As for those politicians utilizing this for their campaigns? Well, the pros are countless – Comelec has no idea how to regulate material online, so it’s basically a free-for-all out there. While television exposure is limited to 60 minutes for local candidates, you can post a three-hour epic depicting your greatness online if you want. 120-minute limit on radio? Well, go ahead and post a full symphonic version of your campaign jingle if you want. But, while your supporters can rave about how great you are on your “wall,” adversaries can infiltrate your contacts list and start badmouthing you right in your own Facebook page. They do that a lot, mostly perpetrated by those who cowardly hide under pseudonyms.

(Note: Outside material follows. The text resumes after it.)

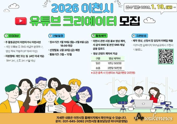 어웨이크뉴스 오경하 기자 | 이천시는 오는 2월 6일까지 2026년 이천시 유튜브 영상크리에이터 3기를 모집한다고 9일 밝혔다.

This is what, my 3rd, 4th, nth article about Facebook? We just can’t get enough of it. But if there’s one thing that Facebook, and all those other so-called networking sites, has shown us is its apparent power to influence people. In Baguio, it helped cancel a government contract; it helped bring down a stupid concrete pine tree; and it might just help elect the city’s next leaders.

So enjoy it, hate it, do whatever you want with and in it. Just be responsible enough and know that this virtual world is also governed by the laws of the real universe: cause and effect, any action brings a reaction, you get the drift.

So, you can be helping make this world a better place. Or you can just be adding to the mess we’re all in.